_Problem requirements_
Report each line of the records below that uses the word "everyday".

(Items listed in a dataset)
▼▼▼

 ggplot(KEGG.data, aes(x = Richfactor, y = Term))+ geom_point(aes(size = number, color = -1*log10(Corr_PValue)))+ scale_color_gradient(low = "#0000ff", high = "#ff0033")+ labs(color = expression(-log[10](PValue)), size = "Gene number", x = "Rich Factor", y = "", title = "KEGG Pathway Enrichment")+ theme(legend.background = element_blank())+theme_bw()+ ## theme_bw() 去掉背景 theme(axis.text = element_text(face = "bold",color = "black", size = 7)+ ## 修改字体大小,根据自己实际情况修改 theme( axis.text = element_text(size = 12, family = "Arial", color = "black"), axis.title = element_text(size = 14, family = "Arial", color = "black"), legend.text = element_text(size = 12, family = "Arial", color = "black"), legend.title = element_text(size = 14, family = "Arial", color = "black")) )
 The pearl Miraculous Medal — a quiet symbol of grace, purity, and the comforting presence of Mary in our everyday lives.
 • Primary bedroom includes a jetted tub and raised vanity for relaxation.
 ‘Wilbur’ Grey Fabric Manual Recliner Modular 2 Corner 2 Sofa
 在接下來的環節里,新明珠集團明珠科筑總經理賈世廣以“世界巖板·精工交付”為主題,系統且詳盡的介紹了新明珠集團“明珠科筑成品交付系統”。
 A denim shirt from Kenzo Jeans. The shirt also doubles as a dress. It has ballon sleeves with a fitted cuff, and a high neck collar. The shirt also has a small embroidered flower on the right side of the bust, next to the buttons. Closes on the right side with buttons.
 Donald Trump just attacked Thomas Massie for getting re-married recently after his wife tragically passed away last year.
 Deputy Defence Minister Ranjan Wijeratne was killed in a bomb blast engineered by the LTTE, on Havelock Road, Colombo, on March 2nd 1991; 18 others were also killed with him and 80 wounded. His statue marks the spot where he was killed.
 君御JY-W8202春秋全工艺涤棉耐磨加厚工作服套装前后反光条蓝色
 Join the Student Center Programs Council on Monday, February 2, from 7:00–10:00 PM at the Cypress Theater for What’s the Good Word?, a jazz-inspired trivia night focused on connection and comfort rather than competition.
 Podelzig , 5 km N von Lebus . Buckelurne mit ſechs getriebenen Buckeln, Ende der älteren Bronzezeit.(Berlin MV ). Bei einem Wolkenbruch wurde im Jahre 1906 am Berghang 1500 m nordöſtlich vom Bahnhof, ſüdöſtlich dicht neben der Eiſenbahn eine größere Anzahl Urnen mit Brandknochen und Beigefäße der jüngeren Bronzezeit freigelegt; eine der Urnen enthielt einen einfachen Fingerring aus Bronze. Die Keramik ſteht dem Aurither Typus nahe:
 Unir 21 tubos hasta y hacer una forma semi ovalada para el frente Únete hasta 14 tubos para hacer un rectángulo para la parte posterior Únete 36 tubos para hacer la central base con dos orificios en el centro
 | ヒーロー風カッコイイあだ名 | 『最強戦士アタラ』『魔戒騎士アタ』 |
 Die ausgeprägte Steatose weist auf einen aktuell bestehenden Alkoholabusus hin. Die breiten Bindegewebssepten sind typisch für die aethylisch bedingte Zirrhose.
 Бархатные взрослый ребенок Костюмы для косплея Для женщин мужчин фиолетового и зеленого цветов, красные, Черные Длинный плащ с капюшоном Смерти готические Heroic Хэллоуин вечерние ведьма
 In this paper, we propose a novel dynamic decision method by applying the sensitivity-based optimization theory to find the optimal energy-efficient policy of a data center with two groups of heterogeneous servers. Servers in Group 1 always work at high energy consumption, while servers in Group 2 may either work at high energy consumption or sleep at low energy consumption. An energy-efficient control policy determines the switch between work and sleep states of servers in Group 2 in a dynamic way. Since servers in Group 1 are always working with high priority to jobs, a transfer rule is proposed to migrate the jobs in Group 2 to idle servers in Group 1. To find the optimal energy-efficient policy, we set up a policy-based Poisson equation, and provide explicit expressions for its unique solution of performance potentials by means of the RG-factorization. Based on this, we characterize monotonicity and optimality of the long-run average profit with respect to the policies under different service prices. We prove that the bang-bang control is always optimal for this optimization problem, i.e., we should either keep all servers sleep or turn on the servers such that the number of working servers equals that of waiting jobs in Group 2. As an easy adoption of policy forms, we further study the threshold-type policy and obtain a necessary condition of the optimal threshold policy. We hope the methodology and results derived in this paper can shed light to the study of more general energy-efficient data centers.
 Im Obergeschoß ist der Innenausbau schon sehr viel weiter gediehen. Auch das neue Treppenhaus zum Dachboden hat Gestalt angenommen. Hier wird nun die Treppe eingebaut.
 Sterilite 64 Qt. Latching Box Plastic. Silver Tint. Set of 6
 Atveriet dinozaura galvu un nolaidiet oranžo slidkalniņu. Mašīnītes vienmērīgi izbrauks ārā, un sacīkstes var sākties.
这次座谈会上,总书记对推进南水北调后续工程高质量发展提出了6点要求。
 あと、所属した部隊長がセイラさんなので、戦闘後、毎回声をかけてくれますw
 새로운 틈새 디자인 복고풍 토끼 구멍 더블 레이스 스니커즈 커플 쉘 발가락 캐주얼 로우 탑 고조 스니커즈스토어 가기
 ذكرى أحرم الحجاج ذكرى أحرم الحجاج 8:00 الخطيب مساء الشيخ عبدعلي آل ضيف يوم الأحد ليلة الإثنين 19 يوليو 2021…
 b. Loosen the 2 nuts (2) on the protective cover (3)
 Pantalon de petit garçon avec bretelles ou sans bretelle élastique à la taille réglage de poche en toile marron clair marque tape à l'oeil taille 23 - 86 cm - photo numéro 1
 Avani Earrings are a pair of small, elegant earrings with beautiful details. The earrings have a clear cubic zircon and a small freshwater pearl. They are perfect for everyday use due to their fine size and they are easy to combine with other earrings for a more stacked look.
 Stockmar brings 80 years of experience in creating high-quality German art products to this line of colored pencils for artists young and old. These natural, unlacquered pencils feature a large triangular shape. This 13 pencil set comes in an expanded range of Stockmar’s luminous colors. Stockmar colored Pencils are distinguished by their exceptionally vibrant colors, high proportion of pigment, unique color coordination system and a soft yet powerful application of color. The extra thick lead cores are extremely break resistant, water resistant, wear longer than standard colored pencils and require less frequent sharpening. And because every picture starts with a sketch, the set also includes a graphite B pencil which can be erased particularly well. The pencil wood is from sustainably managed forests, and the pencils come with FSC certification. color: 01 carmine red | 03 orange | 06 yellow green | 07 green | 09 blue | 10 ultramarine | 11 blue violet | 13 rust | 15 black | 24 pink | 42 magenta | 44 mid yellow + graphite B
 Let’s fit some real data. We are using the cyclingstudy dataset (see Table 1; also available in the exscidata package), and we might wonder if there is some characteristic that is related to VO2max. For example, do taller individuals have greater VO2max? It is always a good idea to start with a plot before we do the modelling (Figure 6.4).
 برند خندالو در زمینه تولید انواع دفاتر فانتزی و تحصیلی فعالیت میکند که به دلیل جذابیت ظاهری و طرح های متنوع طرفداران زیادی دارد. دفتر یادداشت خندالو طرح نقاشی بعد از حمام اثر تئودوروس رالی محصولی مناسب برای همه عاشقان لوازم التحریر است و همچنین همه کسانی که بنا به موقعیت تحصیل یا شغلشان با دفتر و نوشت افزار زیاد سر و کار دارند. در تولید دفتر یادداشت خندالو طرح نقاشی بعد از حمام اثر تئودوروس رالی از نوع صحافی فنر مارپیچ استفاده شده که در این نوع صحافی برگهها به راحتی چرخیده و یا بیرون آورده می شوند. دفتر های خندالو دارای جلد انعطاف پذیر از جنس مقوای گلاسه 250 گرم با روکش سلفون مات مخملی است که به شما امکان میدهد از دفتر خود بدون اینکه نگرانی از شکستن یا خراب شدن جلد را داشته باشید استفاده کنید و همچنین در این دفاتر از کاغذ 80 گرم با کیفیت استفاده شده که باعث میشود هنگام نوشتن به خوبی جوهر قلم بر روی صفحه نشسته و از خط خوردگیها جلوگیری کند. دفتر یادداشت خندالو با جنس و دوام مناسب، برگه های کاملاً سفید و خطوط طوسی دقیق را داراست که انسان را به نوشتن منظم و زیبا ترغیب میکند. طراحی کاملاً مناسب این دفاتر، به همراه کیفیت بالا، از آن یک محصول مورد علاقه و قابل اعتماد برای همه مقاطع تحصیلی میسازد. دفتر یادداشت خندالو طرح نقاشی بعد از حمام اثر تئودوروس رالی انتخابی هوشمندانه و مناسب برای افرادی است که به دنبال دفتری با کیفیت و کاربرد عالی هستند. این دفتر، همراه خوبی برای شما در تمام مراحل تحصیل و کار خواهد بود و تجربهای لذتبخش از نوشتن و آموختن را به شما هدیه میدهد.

▲▲▲

_Solution_
 The pearl Miraculous Medal — a quiet symbol of grace, purity, and the comforting presence of Mary in our everyday lives.
 Avani Earrings are a pair of small, elegant earrings with beautiful details. The earrings have a clear cubic zircon and a small freshwater pearl. They are perfect for everyday use due to their fine size and they are easy to combine with other earrings for a more stacked look.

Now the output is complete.